The TOPLESS corepressor regulates developmental switches in the bryophyte Physcomitrium patens that were critical for plant terrestrialisation

Abstract

The plant-specific TOPLESS (TPL) family of transcriptional corepressors is integral to multiple angiosperm developmental processes. Despite this, we know little about TPL function in other plants. To address this gap, we investigated the roles TPL plays in the bryophyte Physcomitrium patens, which diverged from angiosperms approximately 0.5 billion years ago. Although complete loss of PpTPL function is lethal, transgenic lines with reduced PpTPL activity revealed that PpTPLs are essential for two fundamental developmental switches in this plant: the transitions from basal photosynthetic filaments (chloronemata) to specialised foraging filaments (caulonemata) and from two-dimensional (2D) to three-dimensional (3D) growth.
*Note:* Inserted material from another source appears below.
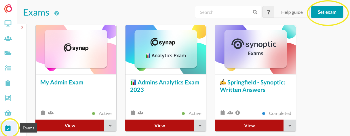 When you're ready to create an exam head over to the exams page and click the **Set exam** button
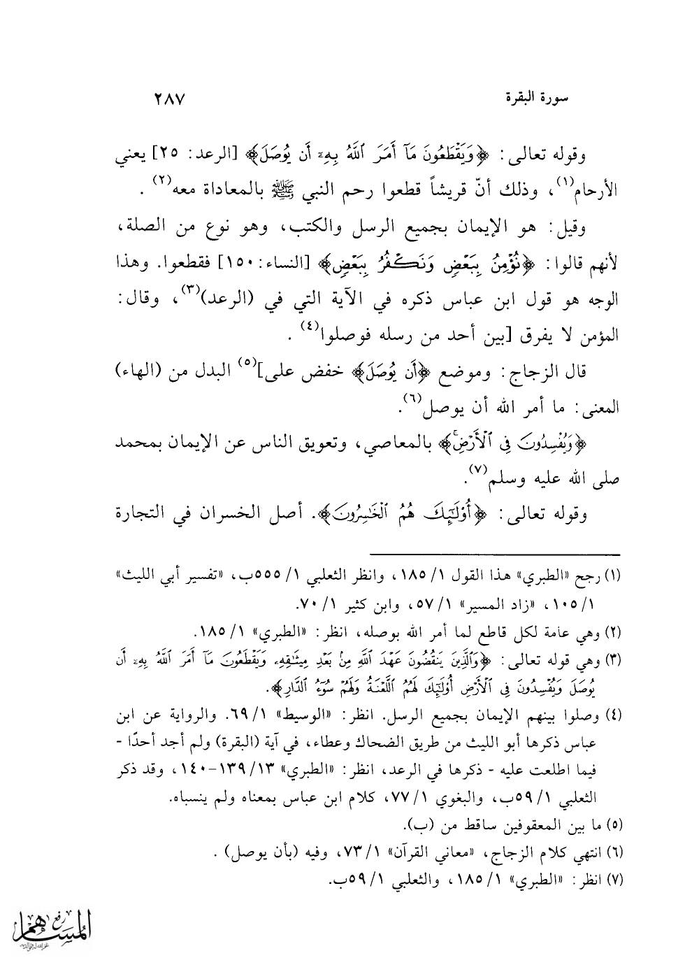 وقوله تعالى: {وَيَقْطَعُونَ مَا أَمَرَ اللَّهُ بِهِ أَنْ يُوصَلَ} [الرعد: 25] يعني الأرحام (¬1)، وذلك أنّ قريشاً قطعوا رحم النبي - صلى الله عليه وسلم - بالمعاداة معه (¬2).

Using a transcriptomics approach, we integrated PpTPL into the regulatory network governing 3D growth and we propose that PpTPLs represent another important class of regulators that are essential for the 2D-to-3D developmental switch. Transcriptomics also revealed a previously unknown role for PpTPL in the regulation of flavonoids. Intriguingly, 3D growth and the formation of caulonemata were crucial innovations that facilitated the colonisation of land by plants, a major transformative event in the history of life on Earth. We conclude that TPL, which existed before the land plants, was co-opted into new developmental pathways, enabling phytoterrestrialisation and the evolution of land plants.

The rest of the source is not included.